-- Opening Marker --

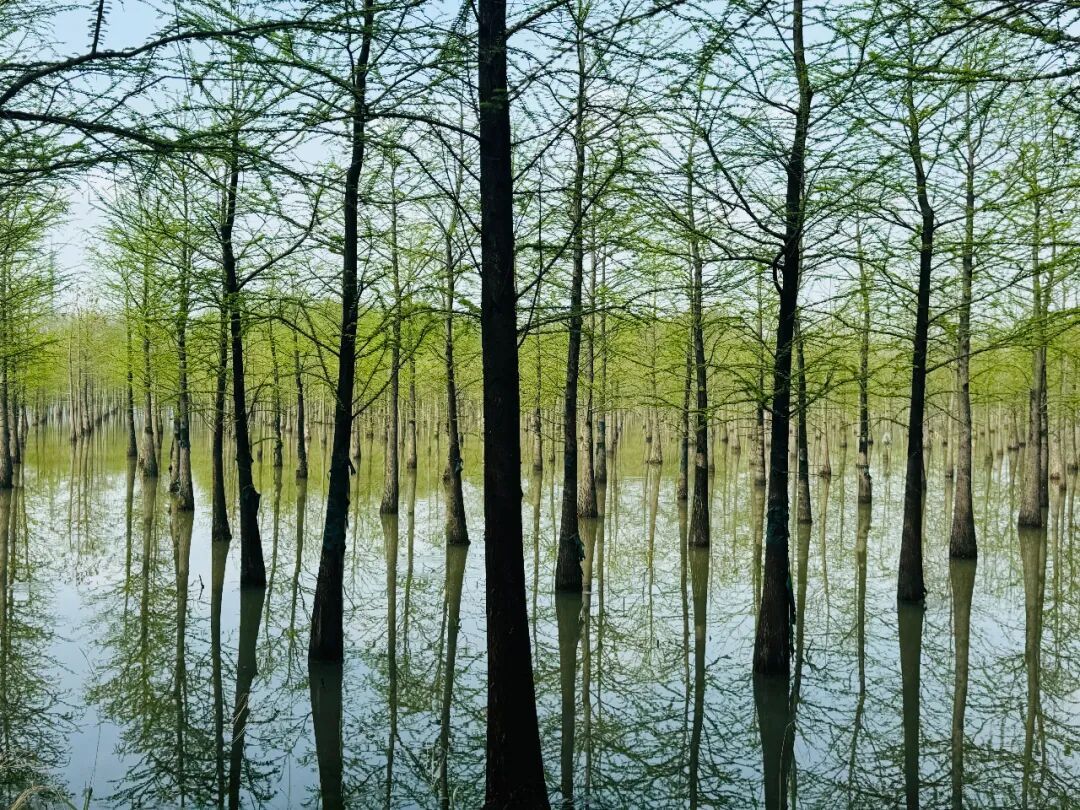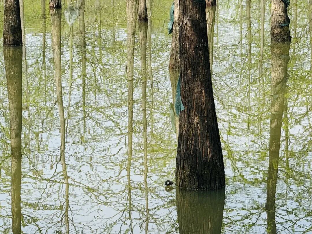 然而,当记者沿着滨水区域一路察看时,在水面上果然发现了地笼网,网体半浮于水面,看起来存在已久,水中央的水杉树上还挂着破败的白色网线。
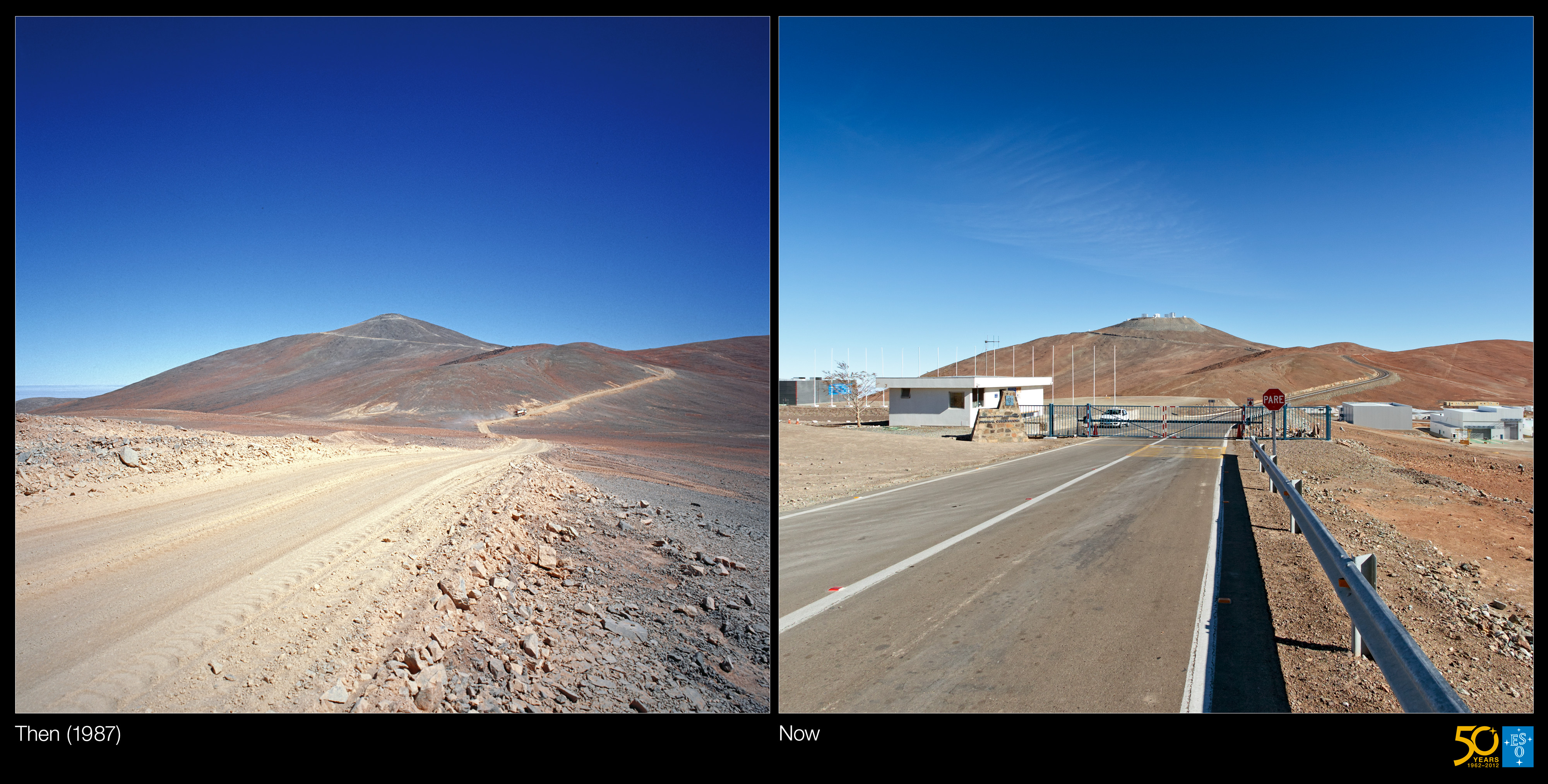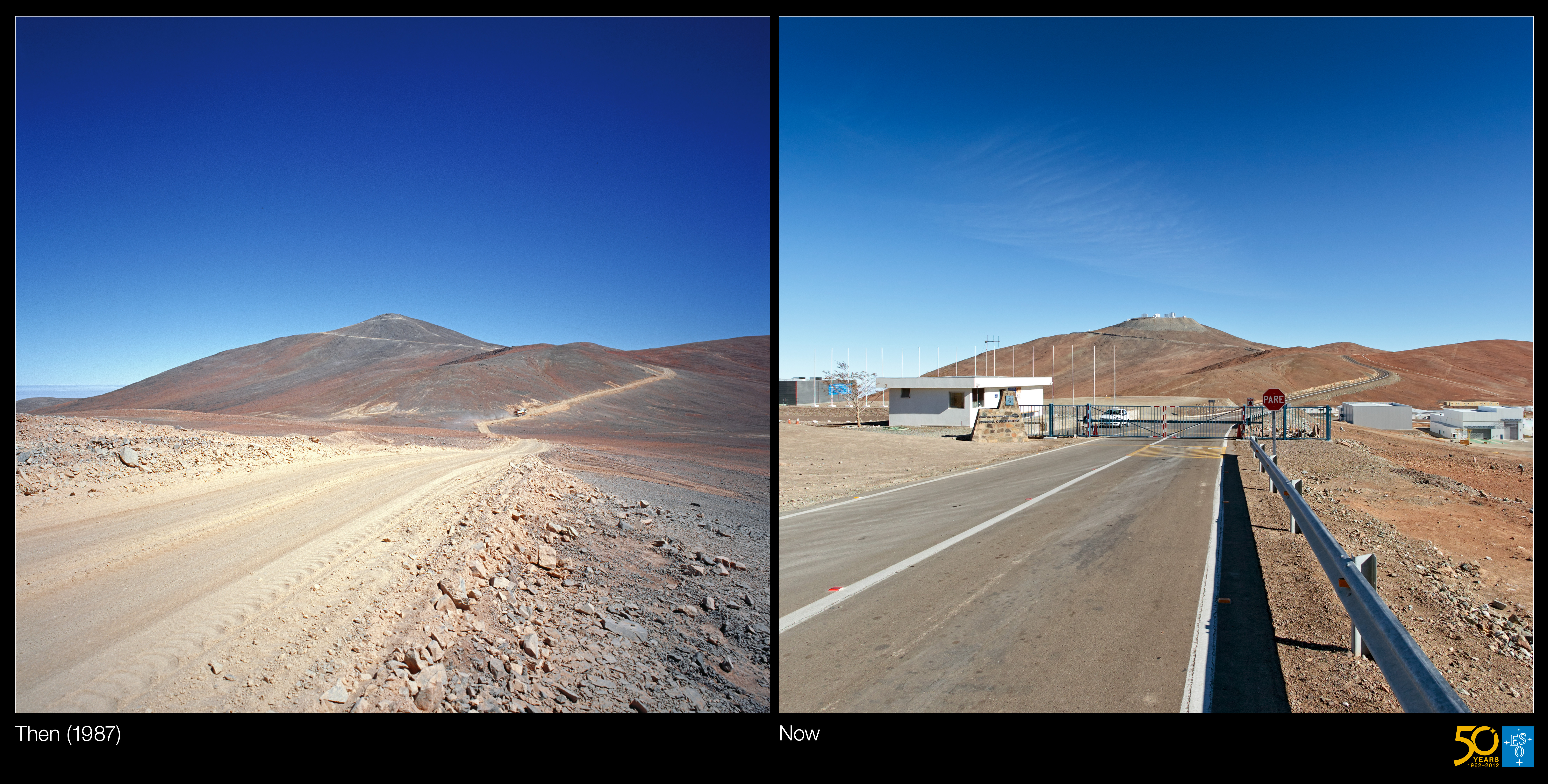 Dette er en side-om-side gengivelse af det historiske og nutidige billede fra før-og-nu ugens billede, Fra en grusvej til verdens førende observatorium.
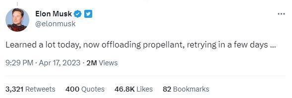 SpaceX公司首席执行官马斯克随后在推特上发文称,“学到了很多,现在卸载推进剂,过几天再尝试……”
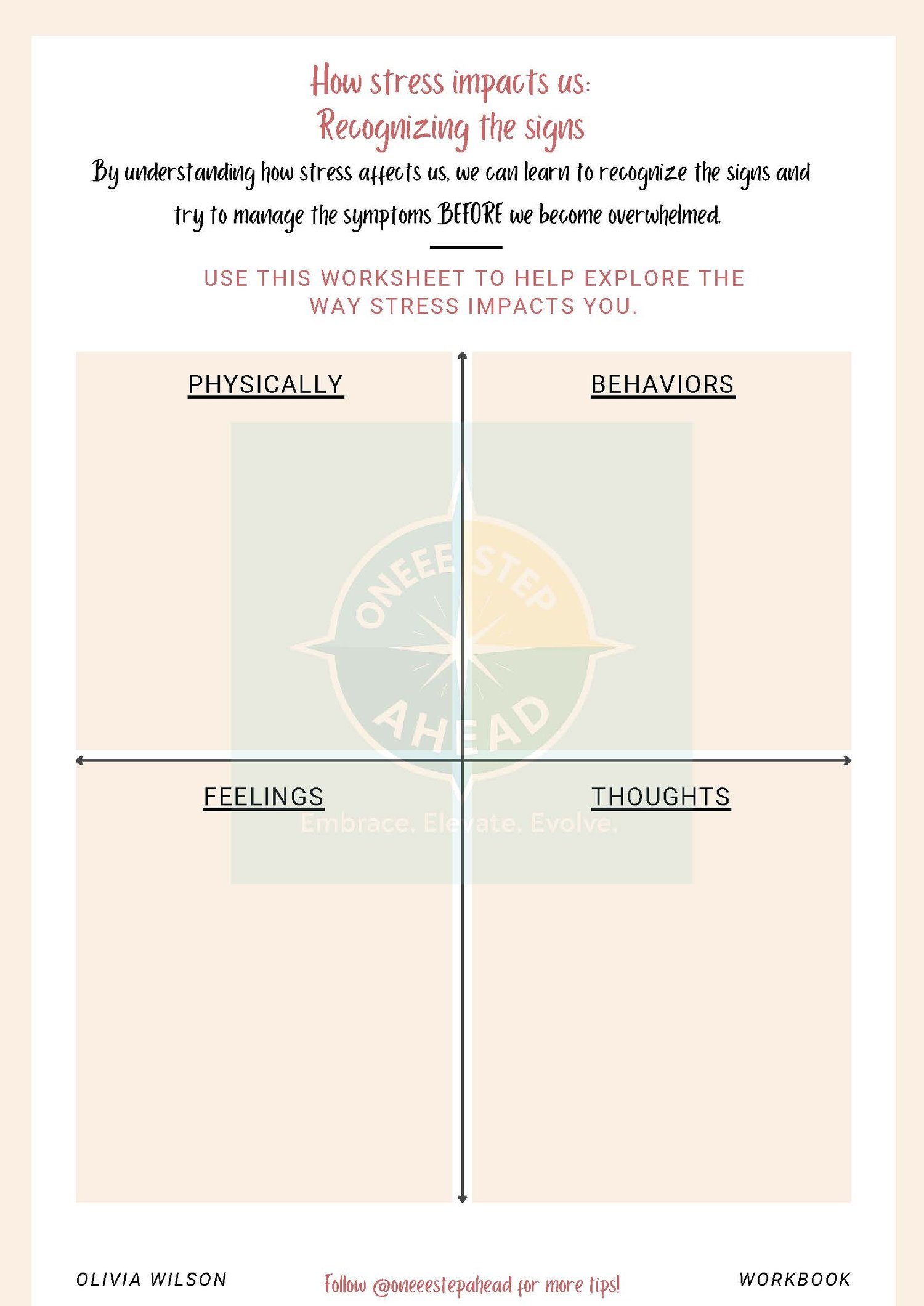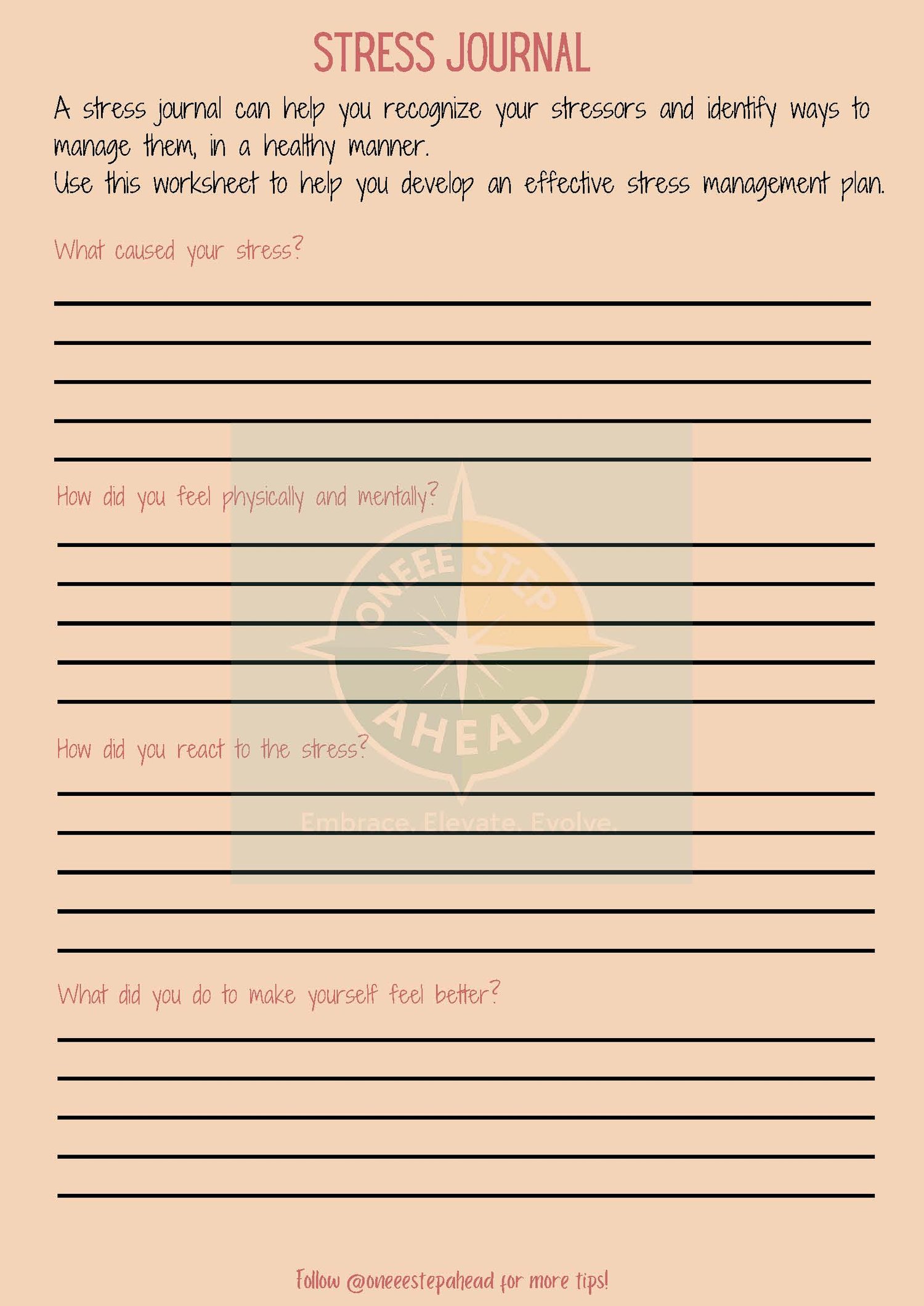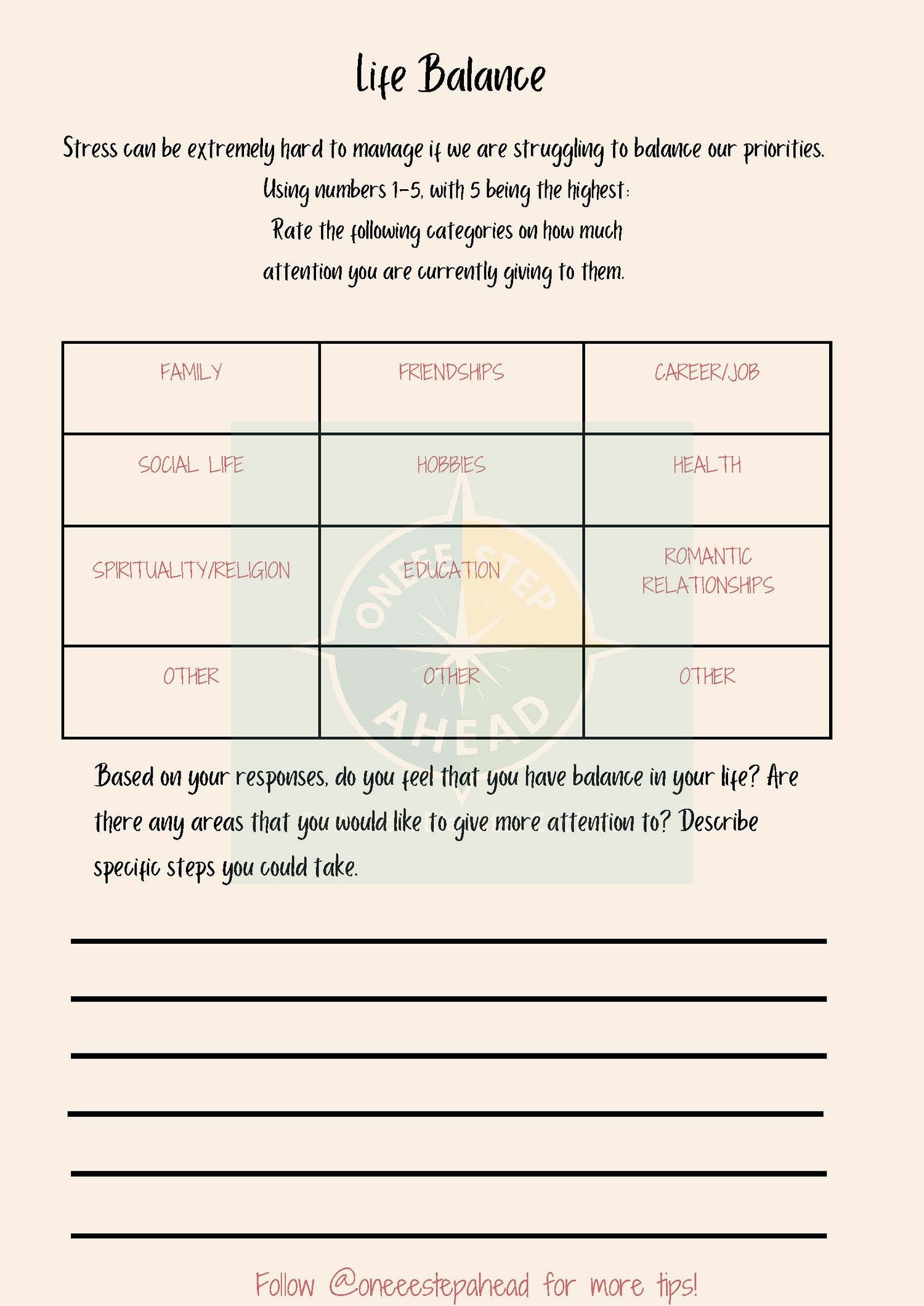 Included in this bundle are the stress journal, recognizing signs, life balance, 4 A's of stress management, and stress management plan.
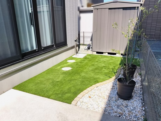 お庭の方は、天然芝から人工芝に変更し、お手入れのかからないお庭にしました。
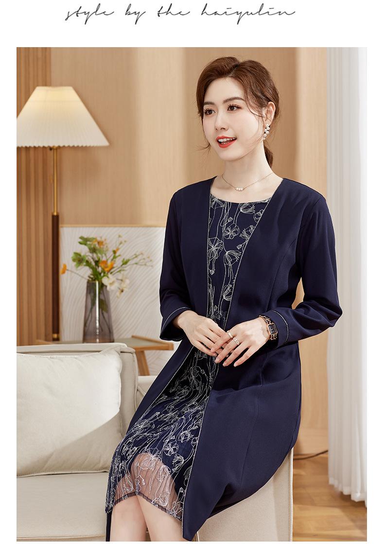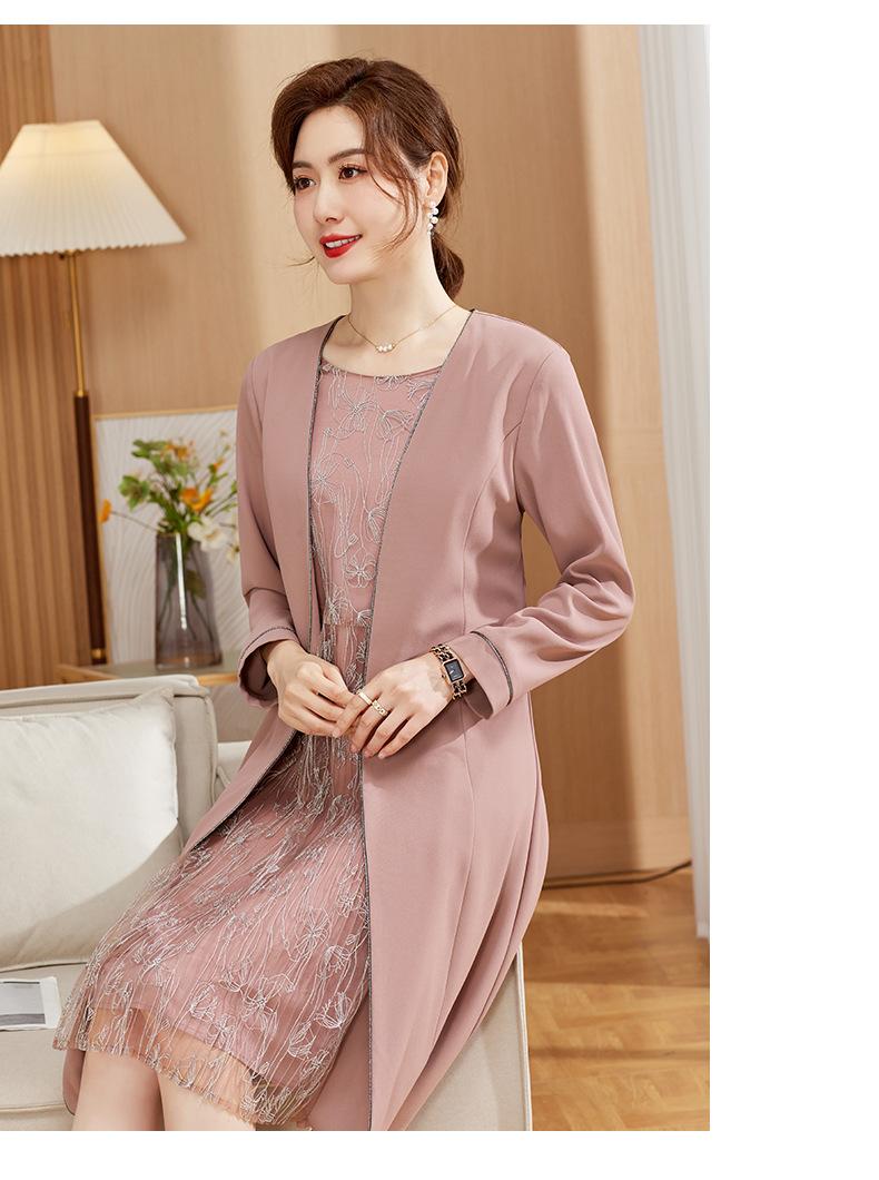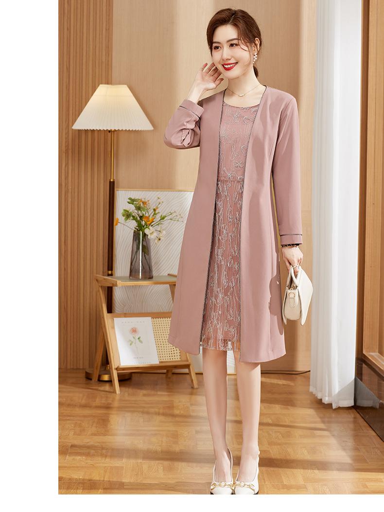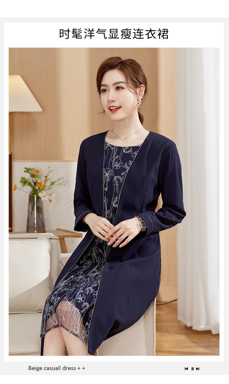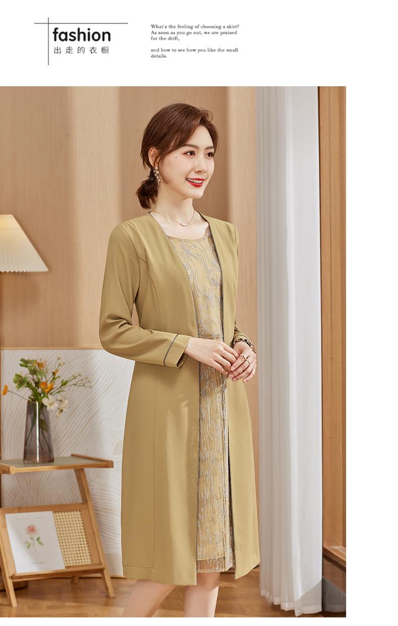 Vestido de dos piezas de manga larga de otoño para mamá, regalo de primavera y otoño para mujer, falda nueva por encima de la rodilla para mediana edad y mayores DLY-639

-- Closing Marker --

Exercise goal: Your copy should hold only the lines above from the one containing "SpaceX公司首席执行官马" through the one containing "お庭の方は、天然芝から人工芝に変更し、お手入れのかからないお庭にしました。", exactly as written and free of pictures.

Your response:
 SpaceX公司首席执行官马斯克随后在推特上发文称,“学到了很多,现在卸载推进剂,过几天再尝试……”
 Included in this bundle are the stress journal, recognizing signs, life balance, 4 A's of stress management, and stress management plan.
 お庭の方は、天然芝から人工芝に変更し、お手入れのかからないお庭にしました。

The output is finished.